| THE PROBLEM |
From the very first line of the records through the line that contains "Camiseta Personalizada BTS", repeat everything exactly except the pictures, and add nothing.

| RECORDED INFORMATION |

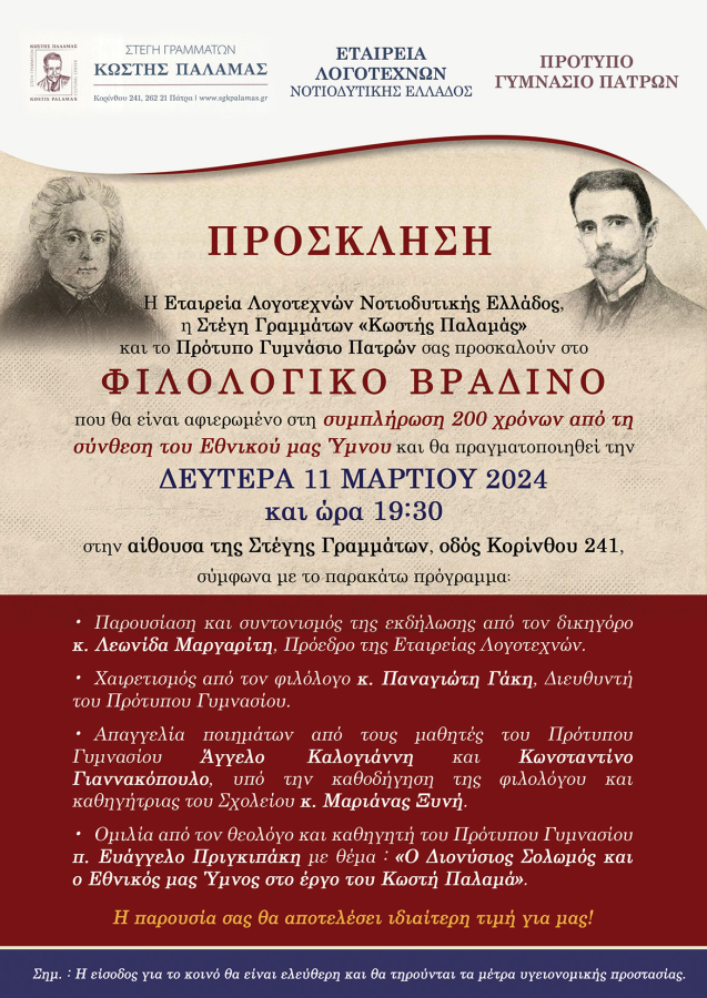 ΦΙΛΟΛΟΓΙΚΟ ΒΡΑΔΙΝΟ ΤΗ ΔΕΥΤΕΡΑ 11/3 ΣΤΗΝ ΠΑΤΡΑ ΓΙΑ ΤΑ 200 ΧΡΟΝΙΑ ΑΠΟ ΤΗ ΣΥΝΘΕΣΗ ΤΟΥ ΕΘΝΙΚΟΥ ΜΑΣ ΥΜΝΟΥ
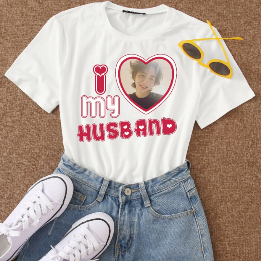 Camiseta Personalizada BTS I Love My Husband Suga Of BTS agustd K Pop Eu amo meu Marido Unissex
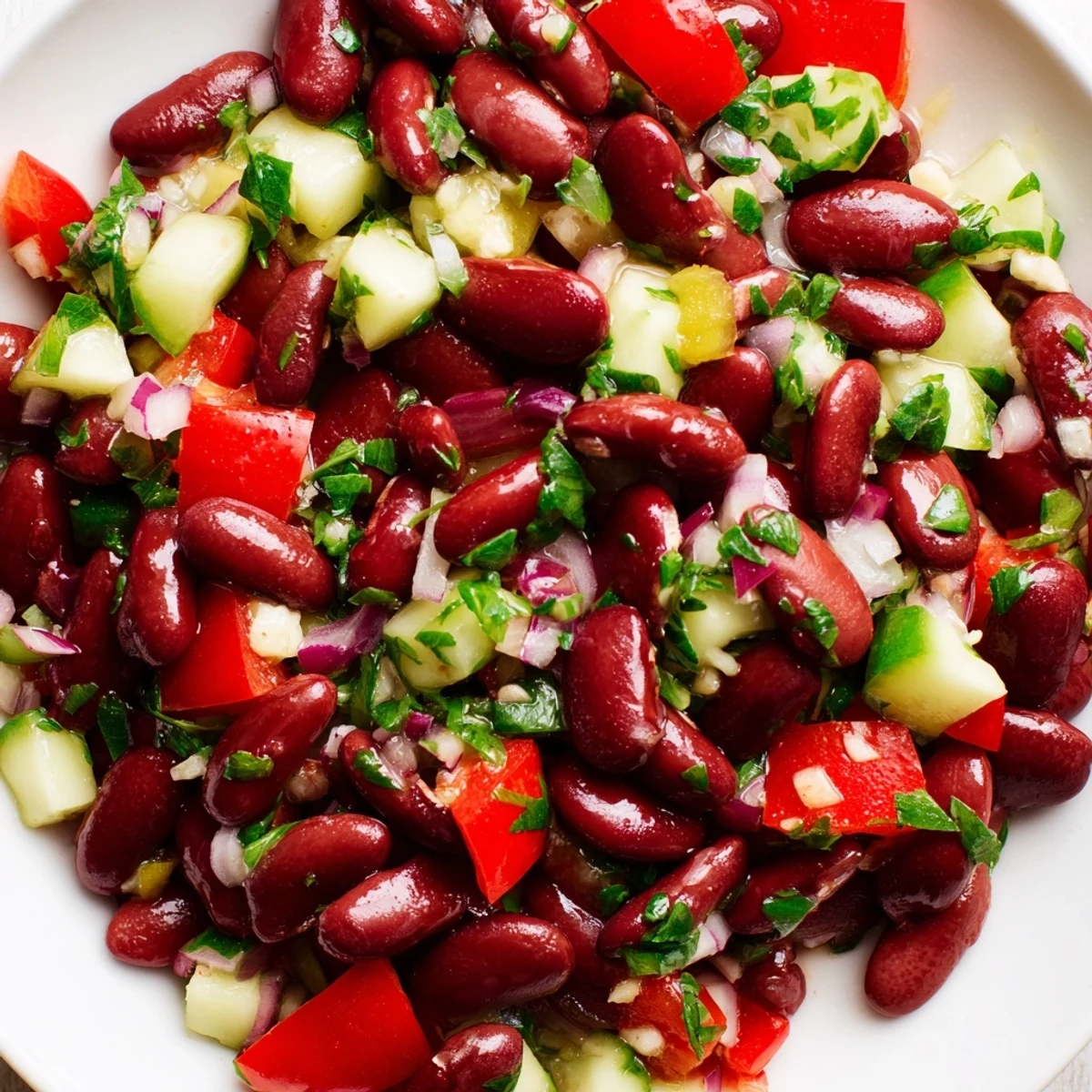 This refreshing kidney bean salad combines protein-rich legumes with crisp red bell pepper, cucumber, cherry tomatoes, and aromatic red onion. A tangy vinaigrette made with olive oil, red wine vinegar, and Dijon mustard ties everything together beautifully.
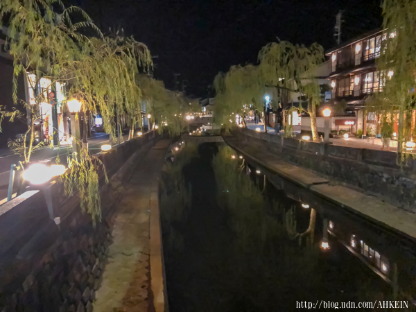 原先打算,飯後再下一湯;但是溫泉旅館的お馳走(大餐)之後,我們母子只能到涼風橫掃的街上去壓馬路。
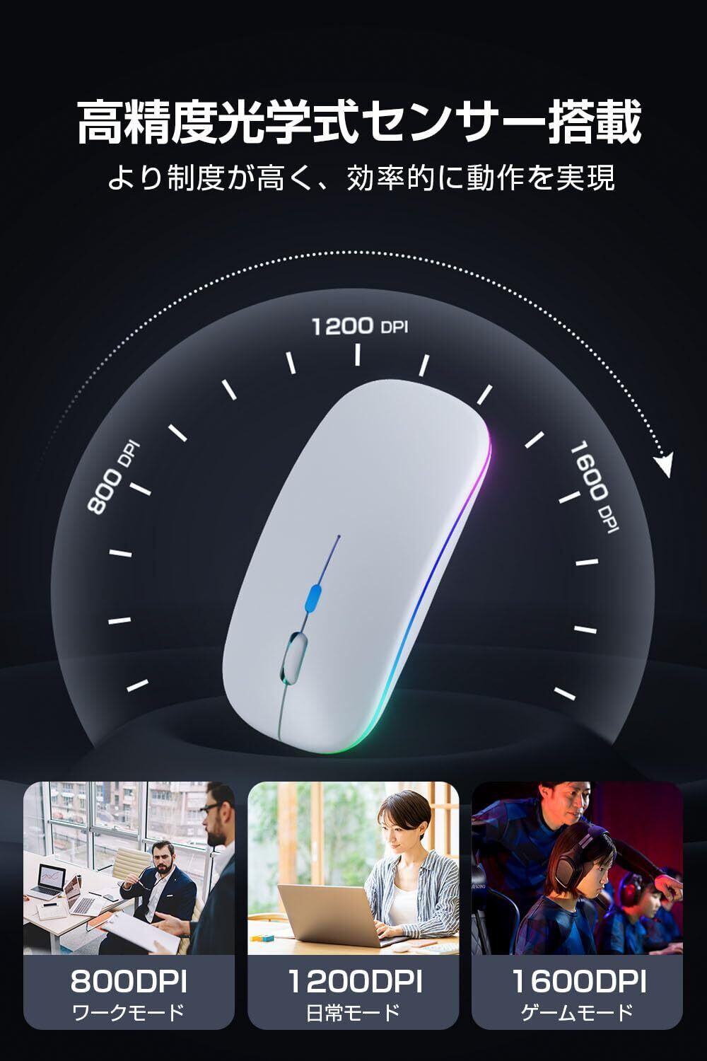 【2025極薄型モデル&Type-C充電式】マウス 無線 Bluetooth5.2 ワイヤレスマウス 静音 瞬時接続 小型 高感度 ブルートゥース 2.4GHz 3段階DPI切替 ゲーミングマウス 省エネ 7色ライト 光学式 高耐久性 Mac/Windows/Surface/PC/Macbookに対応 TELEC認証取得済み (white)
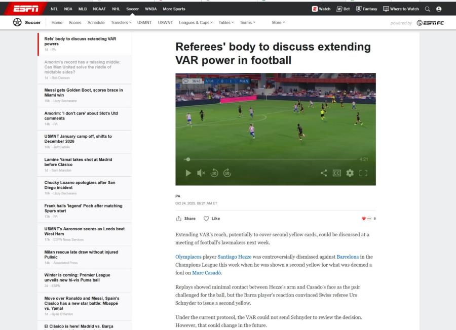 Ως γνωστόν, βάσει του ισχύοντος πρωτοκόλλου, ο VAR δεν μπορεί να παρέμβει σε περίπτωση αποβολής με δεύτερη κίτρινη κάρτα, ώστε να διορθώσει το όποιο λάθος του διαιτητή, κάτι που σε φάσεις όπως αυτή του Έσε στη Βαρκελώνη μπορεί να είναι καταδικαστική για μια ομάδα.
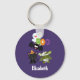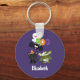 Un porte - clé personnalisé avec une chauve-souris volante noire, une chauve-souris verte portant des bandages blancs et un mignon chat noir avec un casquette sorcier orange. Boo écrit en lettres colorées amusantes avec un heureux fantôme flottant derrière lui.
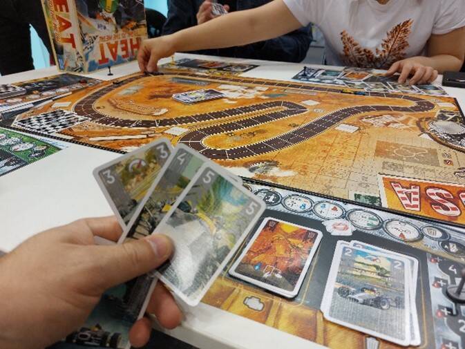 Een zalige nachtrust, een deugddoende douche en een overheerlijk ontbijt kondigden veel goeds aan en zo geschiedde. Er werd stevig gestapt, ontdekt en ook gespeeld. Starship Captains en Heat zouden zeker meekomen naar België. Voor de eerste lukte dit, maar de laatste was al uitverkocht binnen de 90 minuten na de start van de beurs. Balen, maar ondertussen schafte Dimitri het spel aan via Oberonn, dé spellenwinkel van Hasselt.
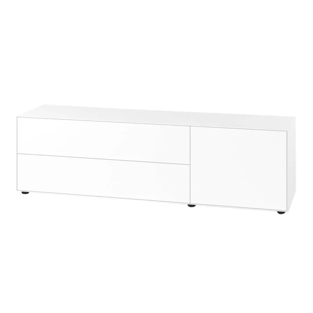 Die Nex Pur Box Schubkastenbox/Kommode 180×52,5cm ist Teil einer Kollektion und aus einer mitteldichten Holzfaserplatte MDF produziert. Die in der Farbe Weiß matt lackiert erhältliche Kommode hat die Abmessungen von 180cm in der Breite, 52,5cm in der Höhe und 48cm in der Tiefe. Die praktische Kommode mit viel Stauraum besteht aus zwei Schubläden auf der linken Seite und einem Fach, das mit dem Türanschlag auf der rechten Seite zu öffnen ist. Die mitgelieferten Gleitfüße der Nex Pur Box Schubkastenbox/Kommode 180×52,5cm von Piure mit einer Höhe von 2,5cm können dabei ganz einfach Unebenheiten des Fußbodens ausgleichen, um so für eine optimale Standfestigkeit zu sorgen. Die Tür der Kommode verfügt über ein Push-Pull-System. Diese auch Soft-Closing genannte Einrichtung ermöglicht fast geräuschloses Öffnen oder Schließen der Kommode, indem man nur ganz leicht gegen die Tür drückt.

| EXPECTED ANSWER |
 ΦΙΛΟΛΟΓΙΚΟ ΒΡΑΔΙΝΟ ΤΗ ΔΕΥΤΕΡΑ 11/3 ΣΤΗΝ ΠΑΤΡΑ ΓΙΑ ΤΑ 200 ΧΡΟΝΙΑ ΑΠΟ ΤΗ ΣΥΝΘΕΣΗ ΤΟΥ ΕΘΝΙΚΟΥ ΜΑΣ ΥΜΝΟΥ
 Camiseta Personalizada BTS I Love My Husband Suga Of BTS agustd K Pop Eu amo meu Marido Unissex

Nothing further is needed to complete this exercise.